Built one for myself with video editing in mind and wifey bought me a drone for my birthday (rifle money must be spent!) so this is the second flight with the Mavic Mini and a first use of DaVinci Resolve which looks to be an excellent free download.

Hope you enjoy it!

https://youtu.be/E7io32bGEp0

----------


## A330driver

Mate.. I have the the Mavic 2 pro... have had a huge amount of fun with this drone....have the FAA license ... ie Drone operator commercial and use on contract Work... amazing how far they have come with this stuff

.... enjoyed the video ... well done

----------


## SlimySquirrel

Wanted that exact drone but thought it best to at least try this bad boy first. Not much of an investment compared to the Mavic 2 pro.

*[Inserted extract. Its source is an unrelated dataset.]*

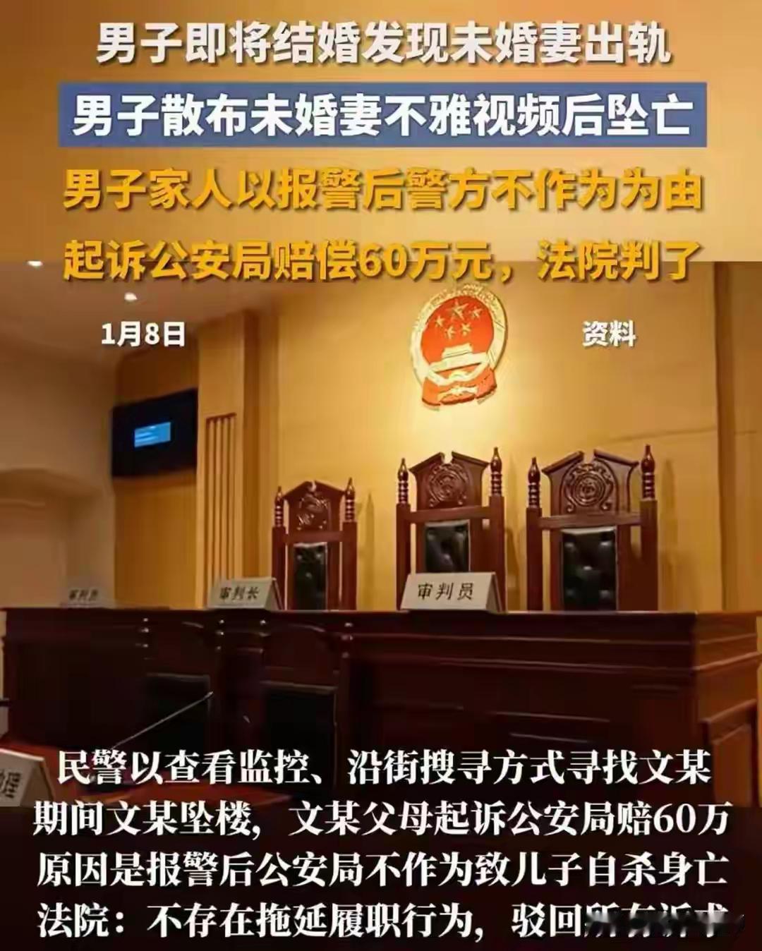 四川南充教师宿舍惊魂夜:相恋八年未婚妻出轨,男子怒发不雅视频后坠亡,父母索赔60万告警方被驳回! 当爱情的面纱被残酷撕下,露出的竟是背叛的獠牙。四川南充,一对相恋八年、即将在九月步入婚姻殿堂的情侣,他们的故事没有等来婚礼的钟声,却以一场震惊网络的悲剧戛然而止。2022年7月10日那个闷热的下午,成了两个家庭永恒的噩梦。 那天下午四点,文某满心期待地从成都返回他与未婚妻李某共同居住的教师宿舍。推开门的一刹那,映入眼帘的不是温馨的守候,而是未婚妻与另一男子赵某举止亲密的画面。八年感情筑起的高塔,在那一刻轰然倒塌。激烈的拉扯,无声的崩溃,文某最终取回自己赠送的电脑和首饰,带着一颗破碎的心离开。 然而,离开不是结束,而是更疯狂报复的开始。被愤怒和绝望吞噬的文某,向李某发出了冰冷的威胁——要公开两人交往期间拍摄的私密视频。李某惊恐报警,而文某也向家人流露出轻生的念头,其弟弟心急如焚地拨打110求助。一场与时间的赛跑,在夜幕降临的南充街头紧张展开。 晚上七点,报复的火焰还是点燃了。李某的不雅视频被发送到她所在的工作群以及多个网络贴吧。尽管她在同事提醒下慌忙撤回,但数字时代的痕迹,岂是轻轻一点就能完全抹去?她的名誉与社会关系,在这一刻遭到了重创。而彼时,民警们正争分夺秒地调取监控,穿梭在街巷中寻找那个徘徊在生死边缘的年轻人。 晚上九点,最坏的消息传来。文某从高处坠下,生命永远定格在了那个夜晚。120的监测冰冷地确认了死亡时间。一个原本即将开启新生活的年轻人,用最决绝的方式,为自己八年的感情和目睹的背叛画上了血色的句号。留下的是两鬓斑白的父母,和一个再也无法回答的“为什么”。 悲剧并未随着生命的消逝而落幕。承受丧子之痛的父母,将南充市公安局高坪区分局告上了法庭。他们认为,警方在接到其子可能轻生的报警后,未能有效阻止悲剧发生,存在“不作为”,并据此索赔六十万元。这起诉讼,将本就复杂的悲剧,引向了关于公权力责任边界的深刻讨论。 法院的判决最终为这场风波画上了法律的句号。经过审理,法院认为,接警民警在事发后采取了查看监控、沿街搜寻等及时且合理的措施,已经积极履行了法定职责。文某的坠亡与警方的履职行为之间,不存在法律上的直接因果关系。因此,法院依法驳回了文某父母的所有诉讼请求。这一判决,厘清了情感悲剧中个人责任与公共责任的界限。 回望整个事件,我们看到的是一出因情感背叛而引发的多重悲剧。李某在道德上的背叛,无疑是这场风暴的起源。然而,文某在遭受巨大打击后,选择以违法传播他人隐私的方式进行报复,则是将彼此推向了更深的深渊。他用一种毁灭性的方式惩罚对方,同时也彻底摧毁了自己。法律保护公民隐私权,任何形式的泄露和传播都将面临严惩。 更令人扼腕的是,文某最终选择用结束生命来应对背叛。这背后反映出的,或许不仅仅是一段感情的破裂,更是个体在极端情绪下心理防线的崩溃,以及对生命价值的认知偏差。他的离去,让父母承受了白发人送黑发人的无尽悲痛,而那个背叛他的未婚妻,余生也必将活在巨大的舆论阴影与内心谴责之中。 这场三败俱伤的悲剧,像一面冰冷的镜子,照见了人性在情感失控时的幽暗与脆弱。它警示我们,在亲密关系中,尊重与忠诚是基石,而隐私则是不可触碰的底线。当感情走到尽头,理性与法律应当成为最后的护栏,报复的火焰只会焚烧所有相关的人。珍惜生命,尊重他人,守住法律的边界,或许才是对自己和他人最大的负责。愿这样的悲剧,不再重演。 (来源:综合自中国裁判文书网、深圳新闻网、大河报、周兆成律师账号及相关网络平台热议内容) 情感悲剧 隐私边界
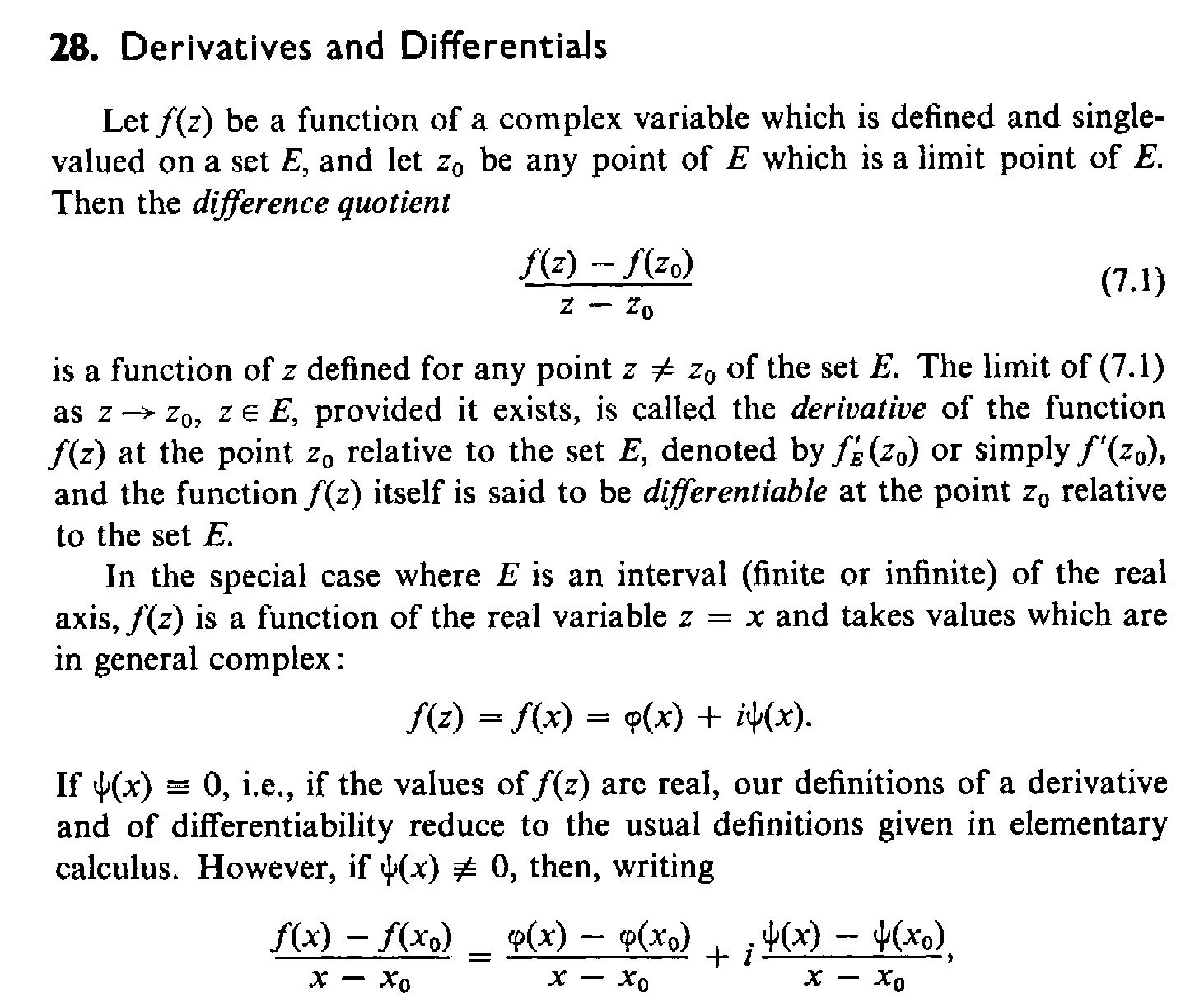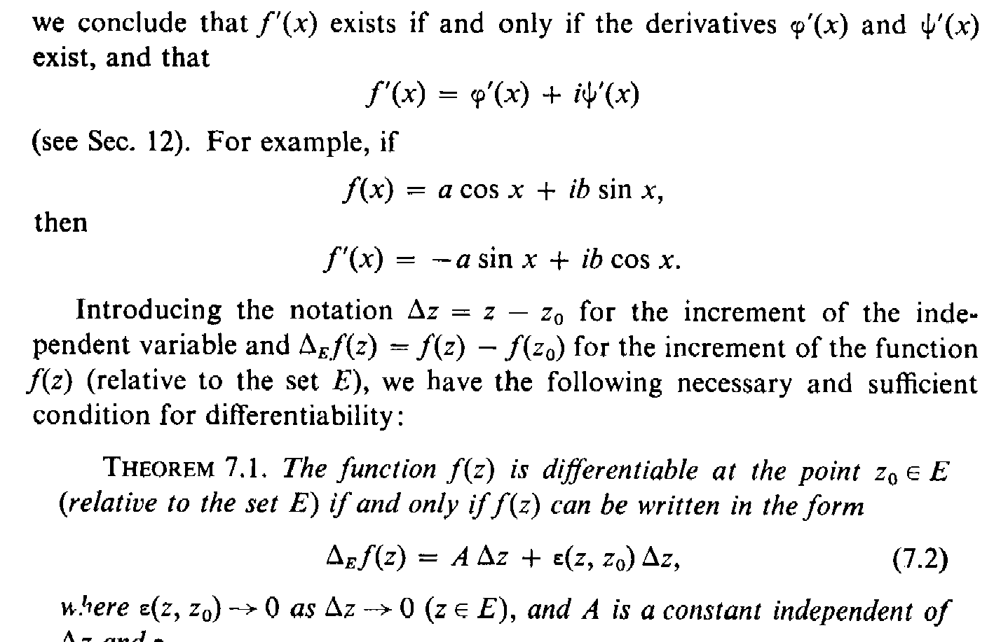 $$f'_E(z_0) = \frac{ f(z) - f(z_0) }{ z - z_0 } = \frac{ \Delta_E f(z) }{ \Delta z }$$ ... ... ... (1)How exactly (formally and rigorously) is equation (1) exactly the same as $$\frac{ \Delta_E f(z) }{ \Delta z } = f'_E(z_0) + \epsilon ( z, z_0 )$$ ...... strictly speaking, shouldn't Markushevich be deriving $$\frac{ \Delta_E f(z) }{ \Delta z } = f'_E(z_0) + \epsilon ( z, z_0 )$$ ... from equation (1) ... Peter

That model runs using Radio transmitter? Noticed Andy difference?

----------


## A330driver

It’s uses DJI,s Ocusync Transmision tecnolgy...the range is great,they say it has a range of 7km....have not taken it that far.....the nice thing about it is it has an auto home return feature if you extend too far...it stops,hovers and immediately returns to the spot you’ve dedicated as “home’,which you set up before launching

....just make sure your home  hover altitude is above all obstacles as the return flight is as the crow Flies....highest ive taken it to is 150 metres,uncontrolled airspace ...wonderful views,and the camera on the pro is exceptional,,,,,,so many uses ,very accurate in its flight path,and so easy to use

----------